Hello guys,
I am using the latest version 3.5.0 of the OCR .NET assembly. In the software that I am writing, I currently use Puma.NET as it works relatively fast and has quite reliable results most of the times. We bought Aspose .NET OCR version because Puma.NET is not supported and we sometimes have hard crashes with some documents.
Now, I have tried to implement the Aspose version since a few weeks now, but it does only recognize the easiest documents (Word docs saved as jpg for example), and it requires at least a minute per page, even for only a few lines of text, which is way too long. I probably have forgotten something but I load the proper language file and I get a result, so I'm quite puzzled.
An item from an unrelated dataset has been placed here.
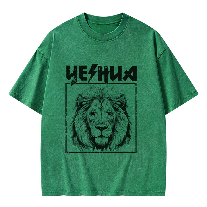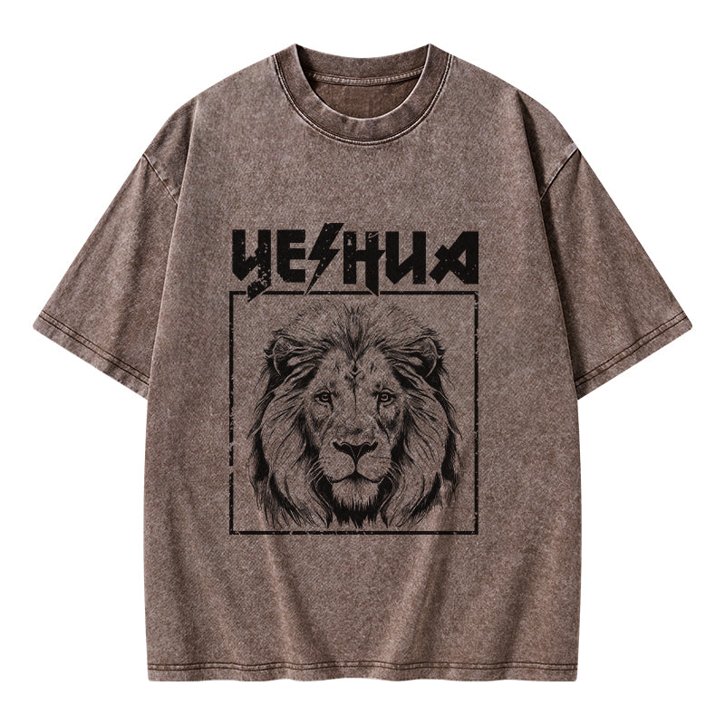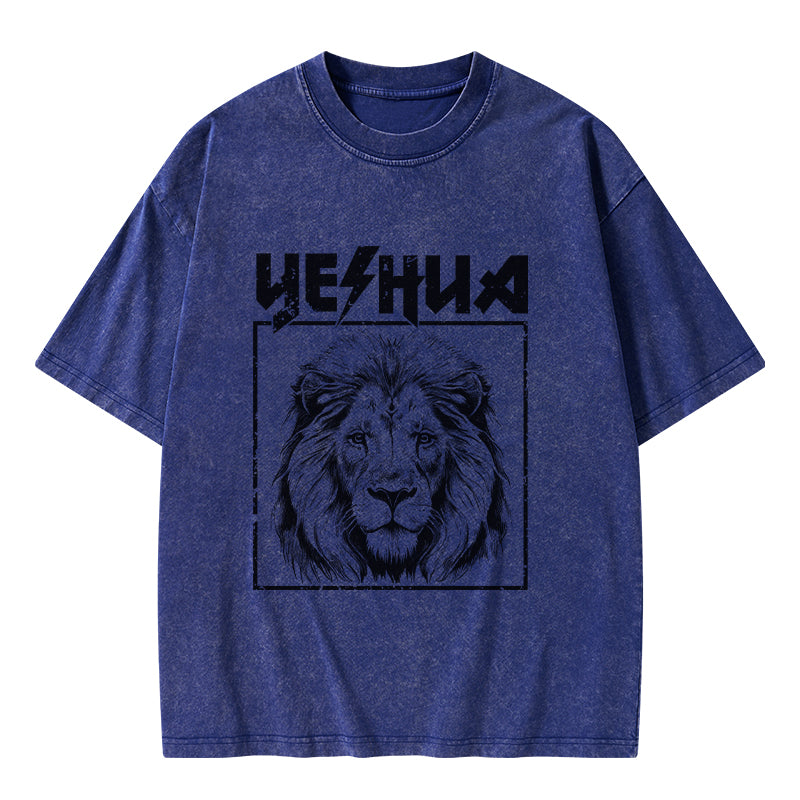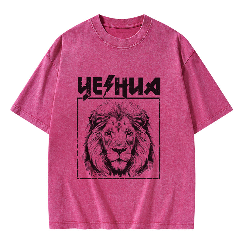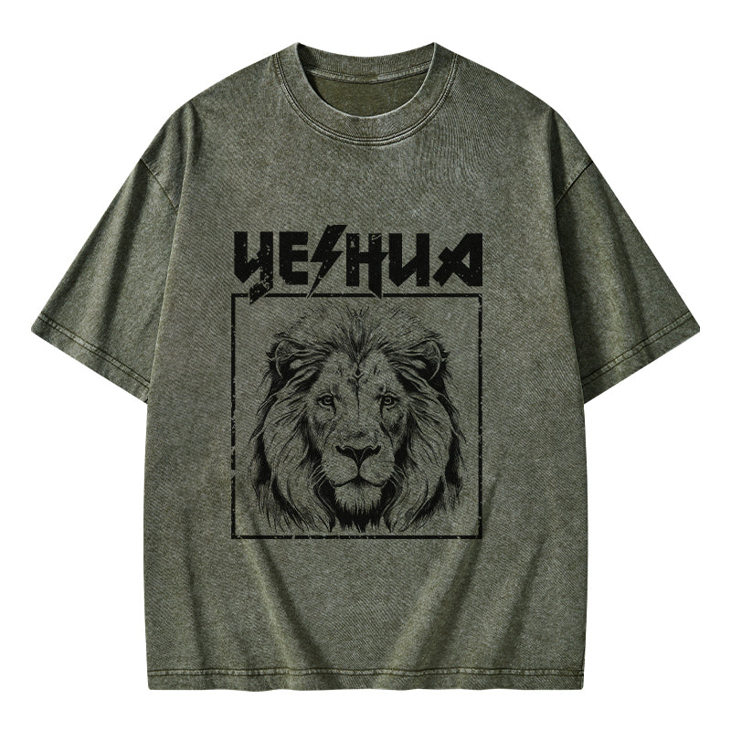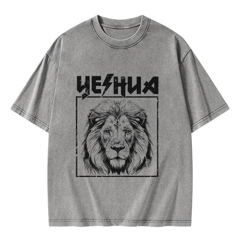 GC-WTSFK24083001 Retro Yeshua Lion Christian Washed T-Shirt

Here is my code. Please assist and TIA! :)
PROCEDURE plf_Import_OCR()
blm_Result is boolean
sgf_File_OCR = CompleteDir(fExeDir()) + "Pain.jpg" // This is a plain Word document converted to JPG and containing 12 lines of text. It takes more than one minute to recognize and the recognition is 90% Ok
// is a commented line
//sgf_File_OCR = CompleteDir(fExeDir()) + "SpanishOCR.bmp"
//sgf_File_OCR = CompleteDir(fExeDir()) + "SpanishOCR.bmp"
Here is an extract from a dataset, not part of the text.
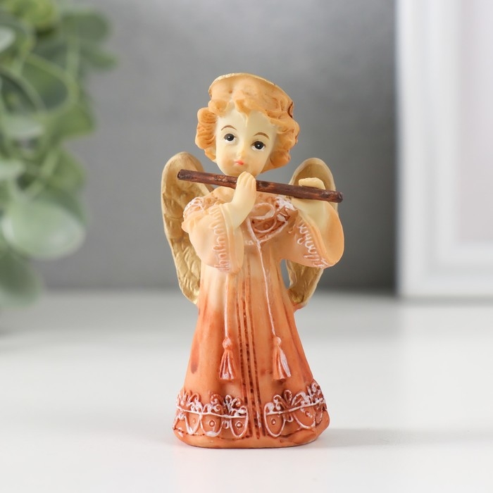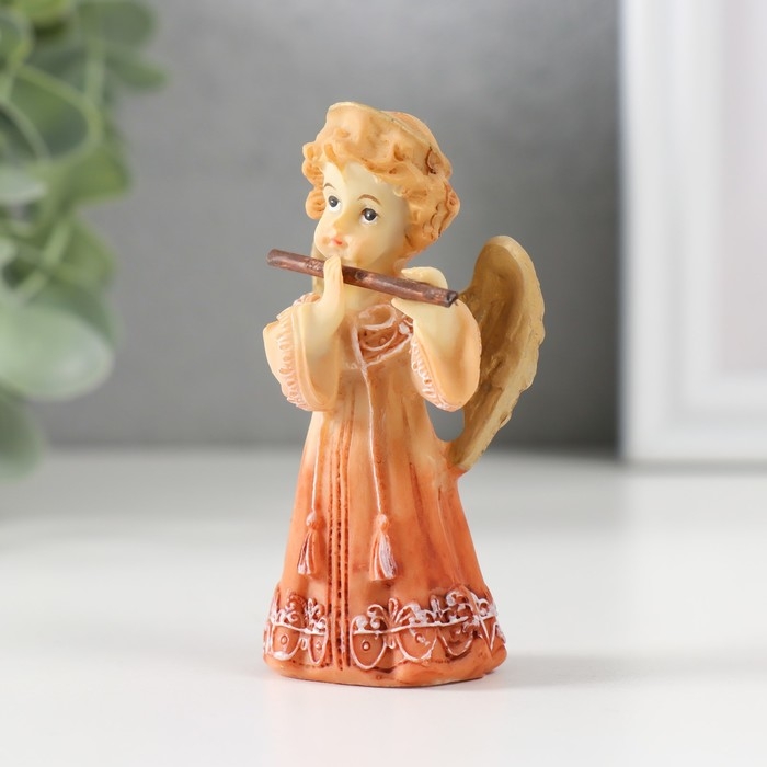 Сувенир полистоун "Ангел в платье с флейтой" 8х4,3х3 см

IF NOT fFileExist(sgf_File_OCR) THEN
STOP
RETURN
END
STOP
RETURN
END
ogf_Engine_OCR = new "Aspose.OCR".OcrEngine
ogf_Engine_OCR.Image = ImageStream.FromFile(sgf_File_OCR)
// Language
// Clear the default language (English)
ogf_Engine_OCR.LanguageContainer.Clear()
// Load the resources of the language from file path location or an instance of Stream
ogf_Engine_OCR.LanguageContainer.AddLanguage(LanguageFactory.Load("French_language_resource_file_for_Aspose.OCR_for_.NET_3.2.0.zip"))
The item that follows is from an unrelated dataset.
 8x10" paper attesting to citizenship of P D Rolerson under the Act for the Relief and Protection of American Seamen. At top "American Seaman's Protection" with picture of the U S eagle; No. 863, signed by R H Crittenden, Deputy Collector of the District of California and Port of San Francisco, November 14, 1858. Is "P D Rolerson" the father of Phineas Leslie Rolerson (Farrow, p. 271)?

// Added the following out of despair I guess...
ogf_Engine_OCR.Config.RemoveNonText=True
ogf_Engine_OCR.Config.DetectReadingOrder=True
ogf_Engine_OCR.Config.DetectTextRegions=True
ogf_Engine_OCR.Config.DoSpellingCorrection=True
ogf_Engine_OCR.Config.DetectReadingOrder=True
ogf_Engine_OCR.Config.DetectTextRegions=True
ogf_Engine_OCR.Config.DoSpellingCorrection=True
// Filters (tried them but with no improvement so I "commented" them)
//ogf_Filters = new CorrectionFilters()
//ogf_Filters = new CorrectionFilters()
//blm_Filter1 is Medianfilter(5)
//ogf_filters.add(blm_Filter1)
//blm_Filter2 is GaussBlurFilter()
//ogf_Filters.add(blm_Filter2)
//blm_Filter3 is RemoveNoiseFilter()
//ogf_Filters.add(blm_Filter3)
blm_Result = ogf_Engine_OCR.Process()
IF NOT blm_Result THEN
STOP
RETURN
END
STOP
RETURN
END
sgf_Text_OCR = ogf_Engine_OCR.Text.ToString()
Info("Lecture OCR : " + CR + sgf_Text_OCR)
ogf_Engine_OCR.Dispose()